A new analytical method to detect pollutants in water is being tested. Instead of having to use a single test for each pollutant. The makers of the test claim that it can detect high levels of organic pollutants with 99.6% accuracy, volatile solvents with 99.94% accuracy, and chlorinated compounds with 89.8% accuracy. If a pollutant is not present, the test does not signal. Samples are prepared for the calibration of the test and 60% of them are contaminated with organic pollutants, 27% with volatile solvents, and 13% with traces of chlorinated compounds.
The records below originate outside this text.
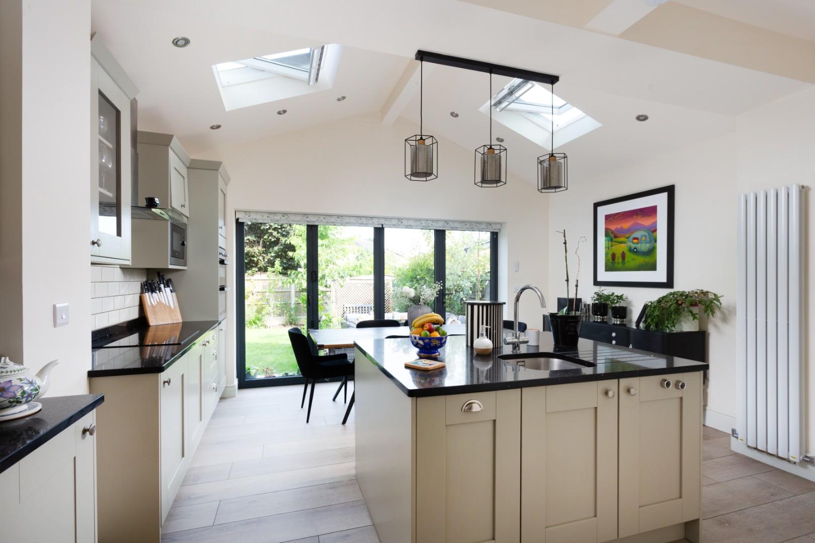 The extension maximises the available space beautifully, boasting vaulted ceilings and abundant natural light through twin Velux windows and large bi-fold doors. This bright and versatile area provides the perfect setting for both everyday family living and entertaining guests.
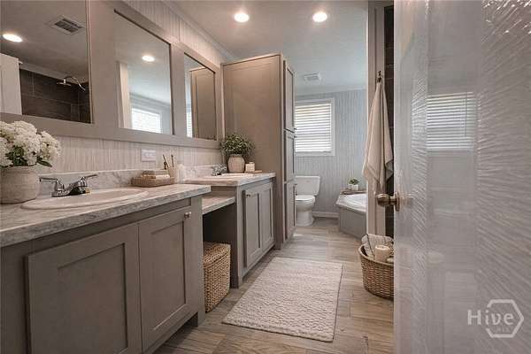 - Breakfast Bar, Built-In Features, Country Kitchen, Double Vanity, Garden Tub/Roman Tub, Kitchen Island, Main Level Primary, Pantry, Recessed Lighting, Separate Shower
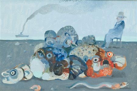 Antonio Possenti Una spiaggia Olio su cartone telato applicato su faesite,...
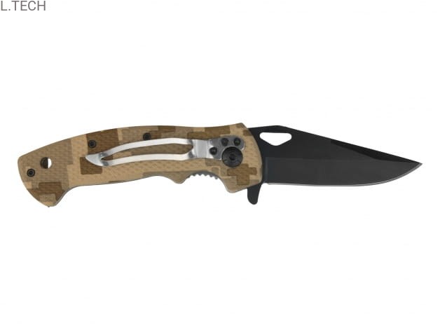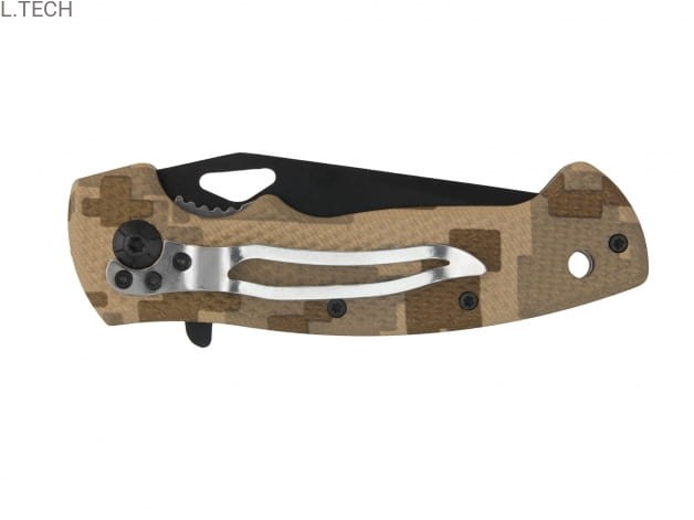 Wysokiej jakości nóż hiszpańskiej marki Joker znanej na całym świecie ze swoich doskonałych wyrobów. Jest to uniwersalny, składany nóż w całości wykonany z mocnej stali nierdzewnej. Rękojeść wykonana jest z wytrzymałego metalu o ciekawym wzornictwie z gumowanymi okładzinami w kolorze kumuflażu typu desert. Nóż wyposażony jest w fliper który umozliwa szybkie i bezproblemowe otwarcie noża. Pewna i skuteczna blokada noża typu Liner Lock zapobiega niekontrolowanemu złożeniu się noża. Nóż posiada klips umożliwiający przypęcie do pasa czy też schowania do kieszeni.
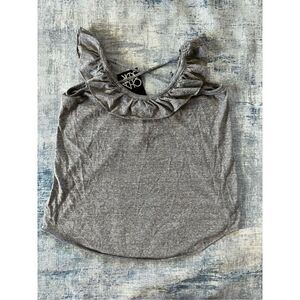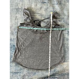 New with tags! Heathered gray tank top with ruffle lining. Scoop neckline, deep scoop back with crossed straps. Rounded hemlines.
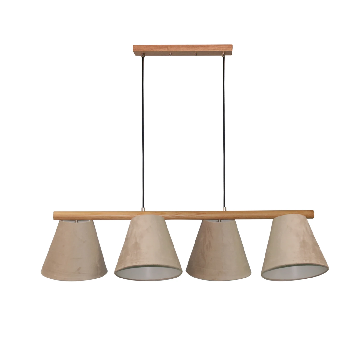 Vierflammige Pendelleuchte Jinda mit Eichenholz und grauen Wollfilzschirmen

A test sample is selected randomly.

(a) What is the probability that the test will signal?

Solution

Let $O$ be "water with organic pollutants is selected", $V$ be "water with volatile solvents is selected", $C$ be "water with chlorinated compounds is selected", $D$ be "pollutant is detected".

The given data is

P(O) = 0.60; P(V) = 0.27; P(C) = 0.13; P(D|O) = 0.996; P(D|V) = 0.9994; P(D|C) = 0.897.

In our notation, the probability that the test will signal is

P(D) = P(D|O)P(O) + P(D|V)P(V) + P(D|C)P(C).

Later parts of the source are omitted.